You are worried about universities shifting to a more "market based identity". I think you see that as being inconsistent with universities being "educational institutions first and foremost", whereas I see a move towards the market as essential to universities being able to pursue their educational missions more effectively than they do now, or indeed they have ever done (there may once have been a golden age for staff, but there has never been one for students).

Because most players in markets are there to make money, we tend to think that that is the sole purpose of markets. But the distinctive aspect of markets as institutions is not their capacity to produce wealth, but the way they do it, through voluntary exchange. What markets mean in the university context is not, then, that universities would become dedicated to making money, but that they would reflect much less the policy and financial constraints imposed from Canberra, and far more the consensus of what universities were prepared to offer and students to learn.

Giving student preferences more scope doesn't mean, as many fear, that universities would turn into purely vocational institutions.
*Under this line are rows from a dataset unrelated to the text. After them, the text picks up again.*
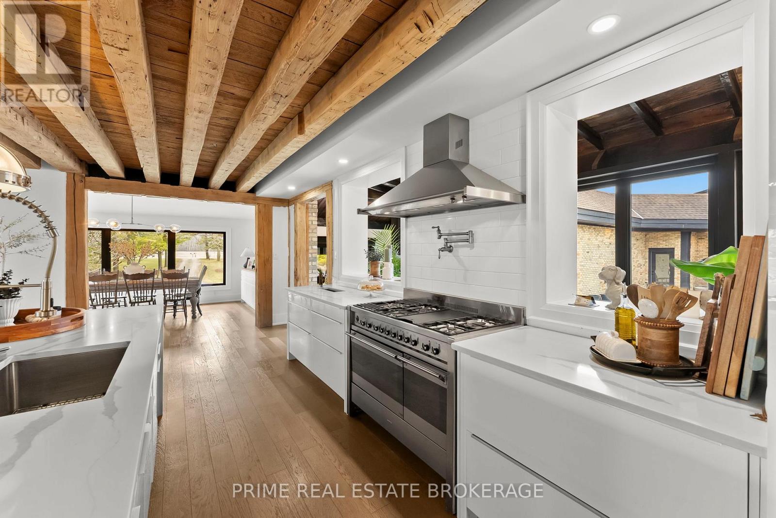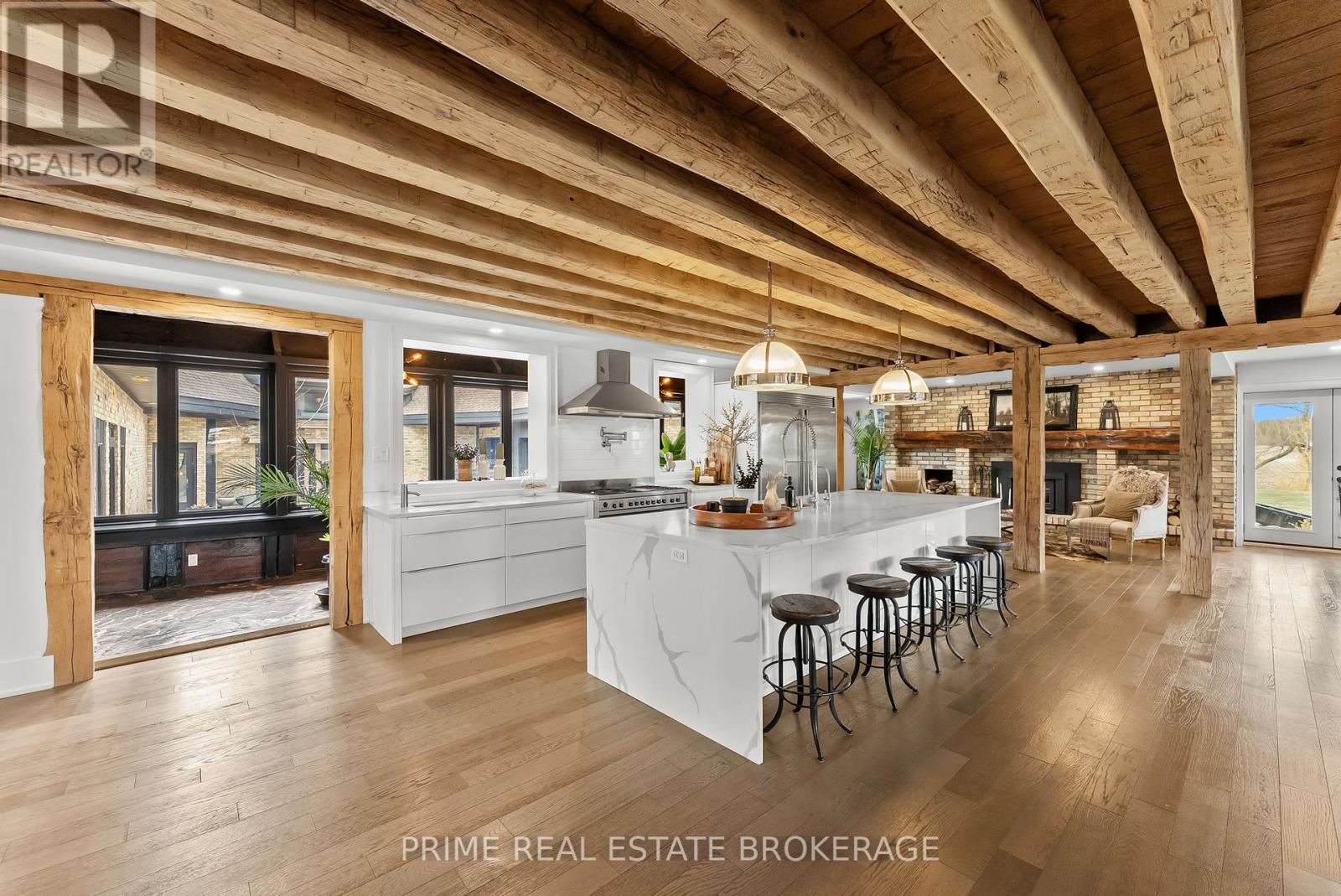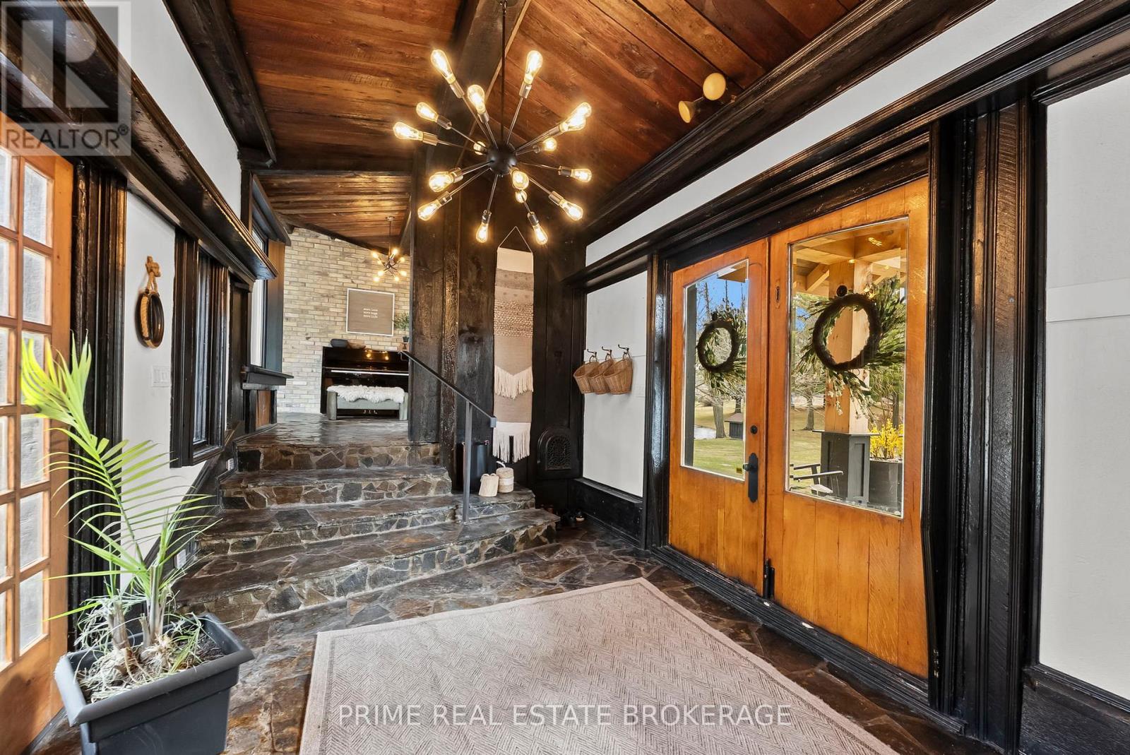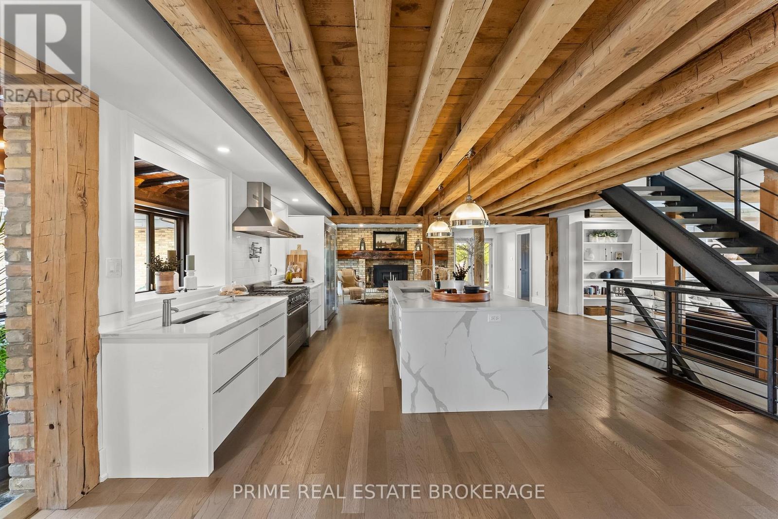 Set in the rolling countryside just minutes from Poplar Hill and 15 minutes to London, this estate blends the soul of an 1850's farmhouse with a complete, no expense spared rebuild in 2018. Privately positioned on nearly 3 acres with three expansive ponds, the setting feels alive. Deer move quietly through the trees, blue herons track the shoreline, and each season brings a different kind of stillness and movement across the landscape. Inside, over 8,600 sq ft of finished living space unfolds across four thoughtfully designed levels, offering four bedrooms including a rare main-floor suite ideal for multi-generational living, and 4.5 refined bathrooms. The kitchen anchors the home with a statement island, 48-inch SMEG gas range, and commercial grade refrigerator and freezer. From here, the space opens into a sunken living room overlooking the ponds, while a light-filled sunroom transitions naturally through the seasons. Exposed beams, a custom steel staircase, and wood-burning brick fireplace bring character, warmth and scale. The upper level feels quietly removed, featuring a primary suite with a refined ensuite and private terrace overlooking the grounds, along with 2 additional bedrooms, one complete with its own 4 piece ensuite. Outdoor living is where this property separates itself. A covered lanai with a wood-burning fireplace and retractable windscreens creates a true extension of the home, designed for use well beyond the summer months. Just steps away, a private courtyard is centered around a saltwater pool and hot tub, offering a setting that feels both relaxed and intentional. A separate 2 bedroom apartment provides flexibility for extended family, guests, or potential income, finished to a standard that mirrors the main home. The 4 bay garage offers exceptional space for vehicles, storage, and workspace, easily accommodating everything from daily drivers to recreational equipment. This is the kind of property that rarely comes to market. (id:64974)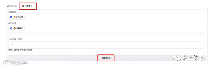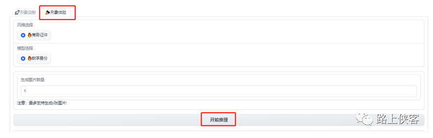 点击置顶标签页的形象体验。点击开始推理按钮。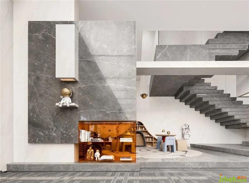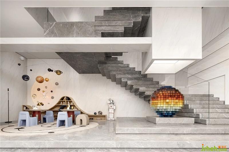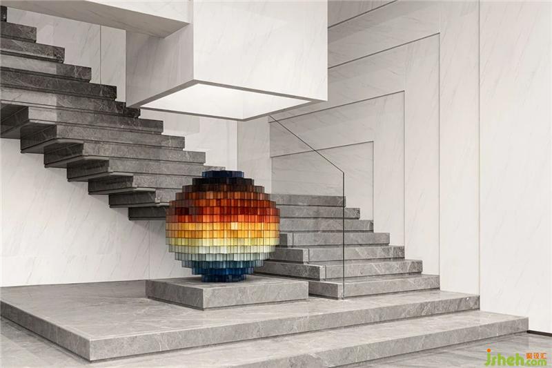通往二層樓梯采用沉穩(wěn)的灰色大理石紋路設(shè)計(jì),與墻飾形成空間上的呼應(yīng),灰白色系由淺至深,引人入勝。在此襯托下,由太陽(yáng)系八大行星概念組成的裝飾球體,為低飽和度的空間注入一抹鮮色,成為點(diǎn)睛之筆廣州售樓處設(shè)計(jì)。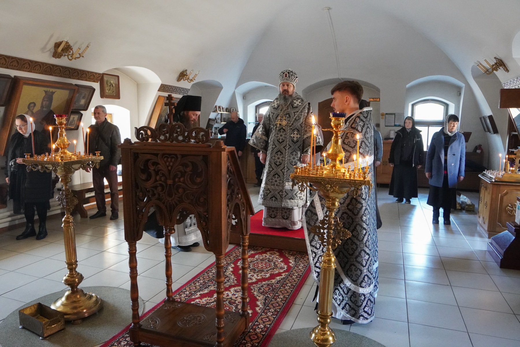 По окончании богослужения архипастырь обратился к молящимся с архипастырским словом: «Хотелось бы обратить внимание на слова из сегодняшнего чтения паремии на шестом часе. Господь через Своего пророка говорит: приближаются ко Мне люди сии устами своими и чтут Меня языком, сердце же их далеко отстоит от Меня (Ис. 29:13). Эти слова ярко отражают состояние многих людей ветхозаветного Израиля, которые большое внимание обращали на внешние предписания, считая, что в этом и заключается главный смысл молитвы и смысл жизни. Они выполняли все, что требовал закон, даже незначительные и мелкие предписания. Самое страшное, что они душой своей не любили Бога. Здесь возникает вопрос и к нам: любим ли мы Бога всем сердцем? Мы считаем, что угождаем Богу исполнением внешних предписаний, например, тем, что не вкушаем в пост тех или иных блюд. Любовь к Богу – это состояние и действия человека, свободного от страстей. Мы должны всегда спрашивать себя о том, устами только ли мы чтим Бога, только ли внешними и формальными предписаниями, или же мы по-настоящему, всем сердцем любим Бога. Стоит только вспомнить о Боге и всех Его благодеяниях для нас: он возвел из небытия в бытие и даровал нам жизнь, воспринял человеческую природу, пострадал и умер на Кресте, – всё Он сделал для нас. Если не возникает в нашем сердце любви к Богу, значит, мы любим что-то другое больше, например, пищу или развлечения. Уменьшая тягу ко всем вещам, мы даем возможность проявиться любви к Богу в нашем сердце. О наличии истинной любви к Богу свидетельствует любовь к окружающим: Кто говорит: «я люблю Бога», а брата своего ненавидит, тот лжец (1 Ин. 4:20). Если мы говорим, что любим Бога, то должны всем сердцем полюбить ближнего».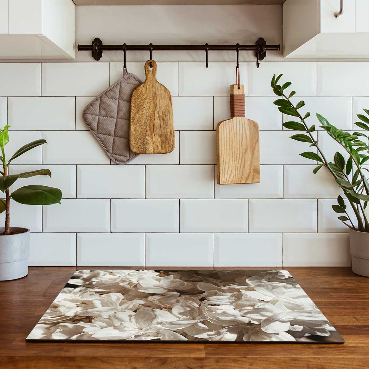 De inductiebeschermer kan ook gebruikt worden als decoratief werkblad, serveeroppervlak of fotobasis voor accessoires.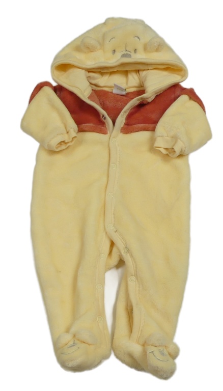 • Žluto-oranžová chlupatá kombinéza s kapucí-medvídkem Pú Disney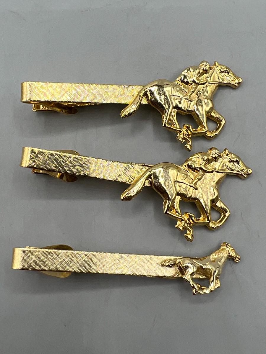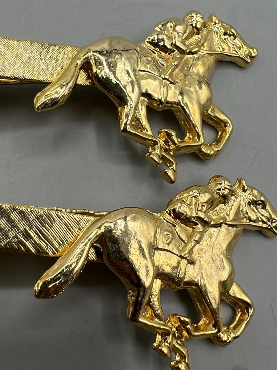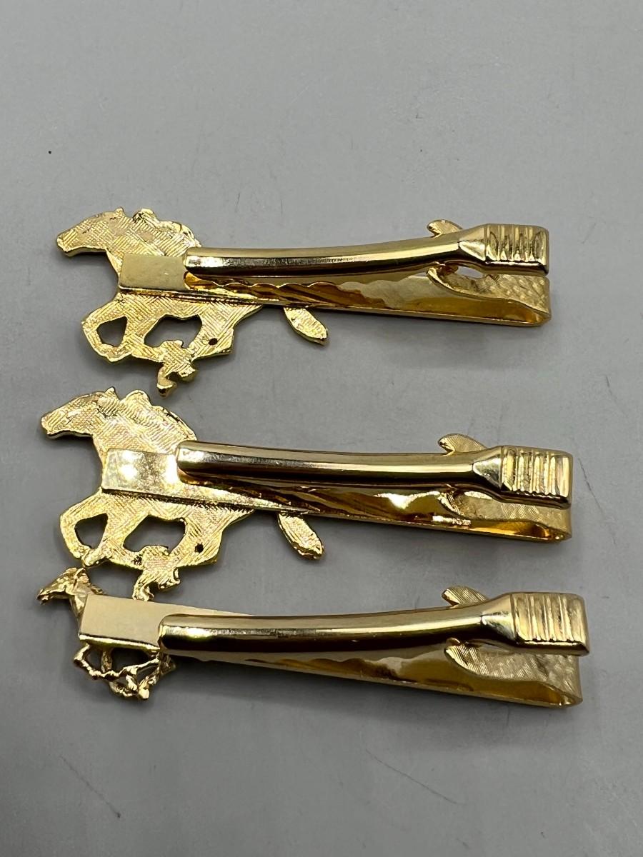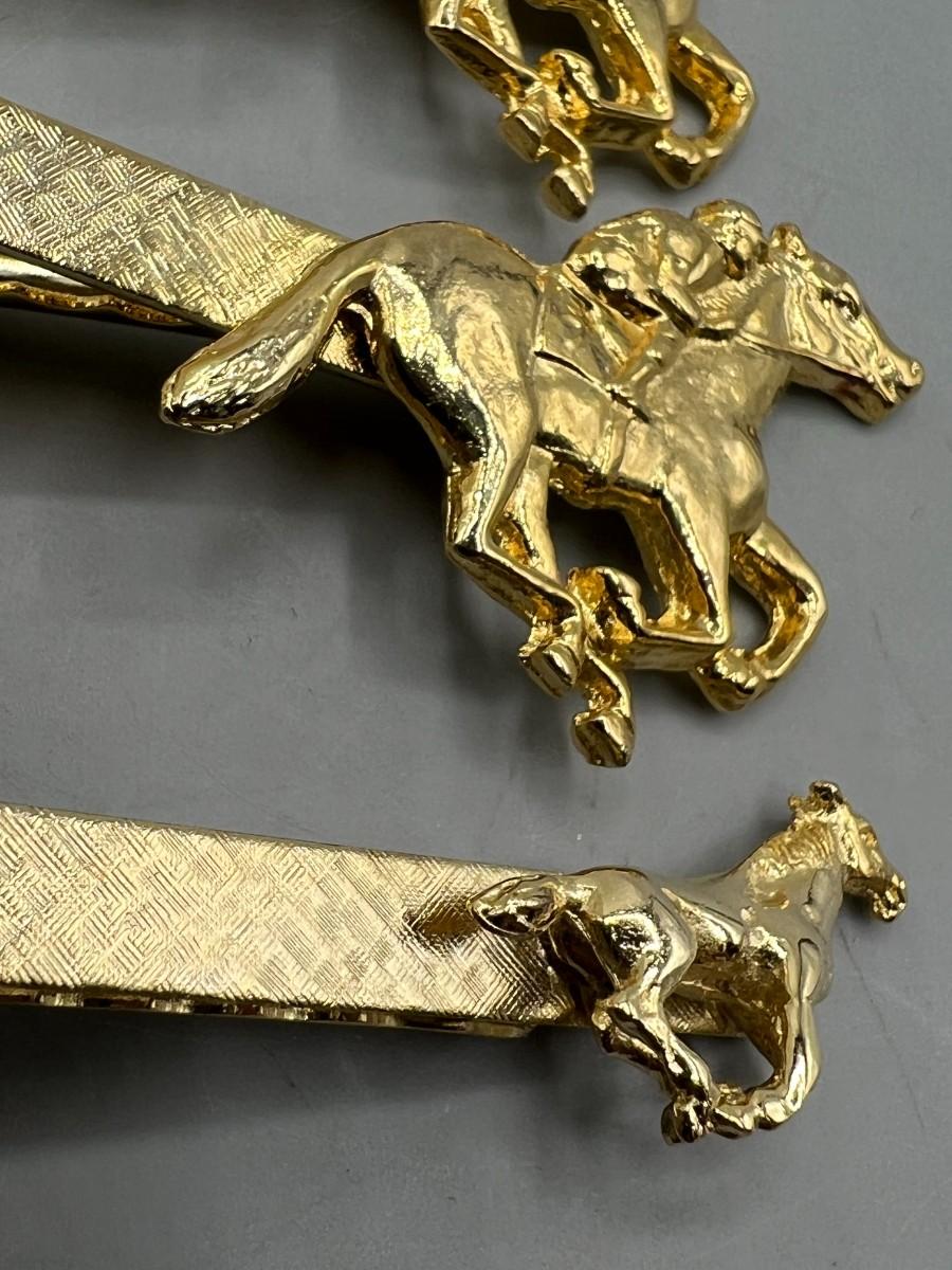 Vintage Gold Tone Metal Racing Horse & Wild Pony Fashion Tie Clips Race Track collectible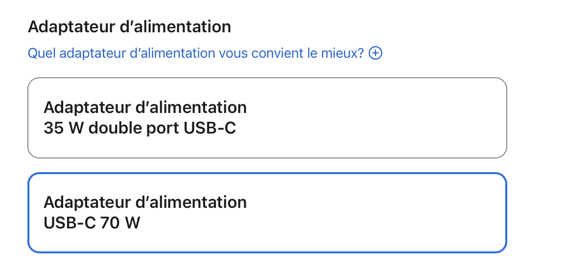 Je voudrais acheter un MacBook Air avec un clavier AZERTY donc français. Je voulais savoir si je pouvais me rendre en boutique Apple par exemple à Montréal ou en boutique il n'y a que des claviers spécifique du pays ? Est-ce qu'il est possible de demander à avoir une prise adaptée aux prises françaises ?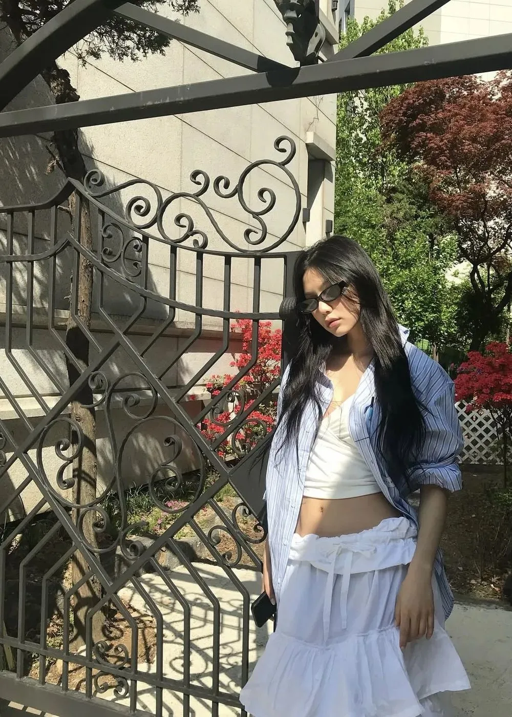 此外,百褶短裙也是打造“学院T”风格的必备单品,如果怕热又想穿出潮流感,百褶短裙便是答案,车静媛前段时间去上海旅游时,便是用一条百褶裙搞定旅行ootd,实穿性非常强。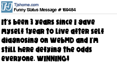 X says It's been 3 years since I gave myself 1year to live after self diagnosing on WebMD and I'm still here defying the odds everyone. WINNING!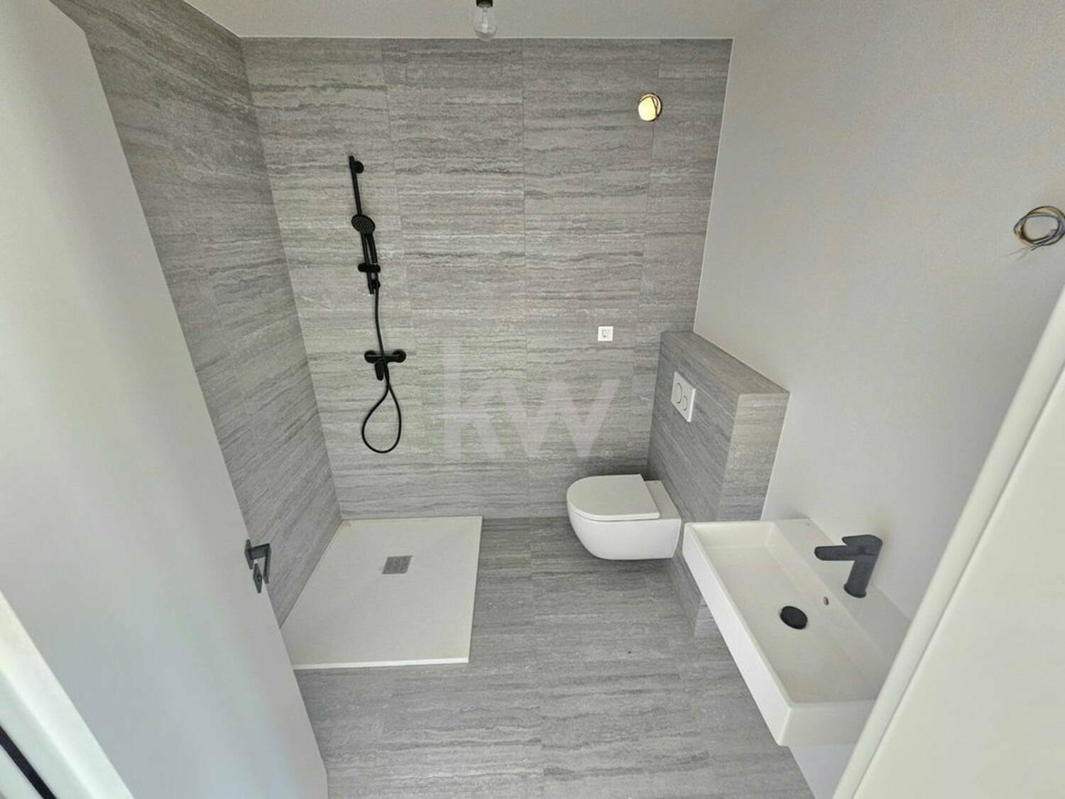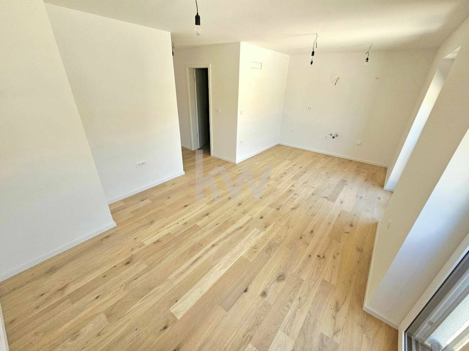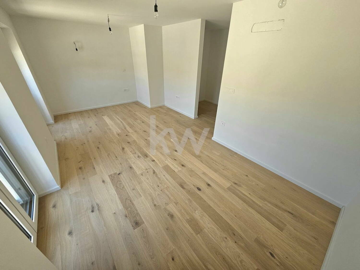 Finalni tlaki prvovrsten finalno lakiran hrastov parket v videzu surovega lesa, talna in stenska keramika v videzu travertino, finalni oplesk sten in stropov.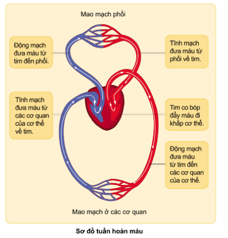 – Vòng tuần hoàn lớn: Đưa máu chứa nhiều khí ô-xi và chất dinh dưỡng từ tim đi nuôi cơ thể, đồng thời nhận khí các-bo-nic và các chất thải của các cơ quan rồi trở về tim.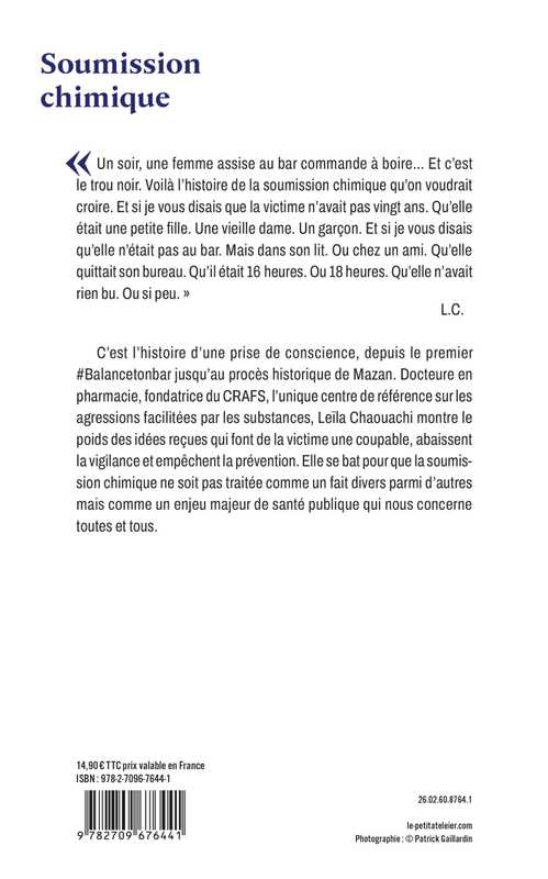 « Un soir, une femme assise au bar commande à boire... Et c’est le trou noir. Voilà l’histoire de la soumission chimique qu’on voudrait croire. Et si je vous disais que la victime n’avait pas vingt ans. Qu’elle était une petite fille. Une vieille dame. Un garçon. Et si je vous disais qu’elle n’était pas au bar. Mais dans son lit. Ou chez un ami. Qu’elle quittait son bureau. Qu’il était 16 heures. Ou 18 heures. Qu’elle n’avait rien bu. Ou si peu. »

Research on student preferences shows that intrinsic value considerations, such as interest in the field of knowledge, opportunities for using personal talents and abilities, and for interesting and rewarding careers were at least twice as influential in discipline choice than employment rates, prestige or starting salaries. This leaves plenty of room for disciplines other than those with clear career paths. Even during the IT boom, more people applied for both the humanities and social sciences and the visual and performing arts than IT courses.

The difference under a more market-oriented system is that extra money could be put into all courses, vocational and non-vocational, and universities would have enhanced incentives to make sure the quality was good. On the whole, this kind of university would do a better job of educating students and preparing them for the professions. Who knows, they might, like some American universities, actually become interested in developing their students as people, encouraging student-staff interaction, campus life, and voluntary work.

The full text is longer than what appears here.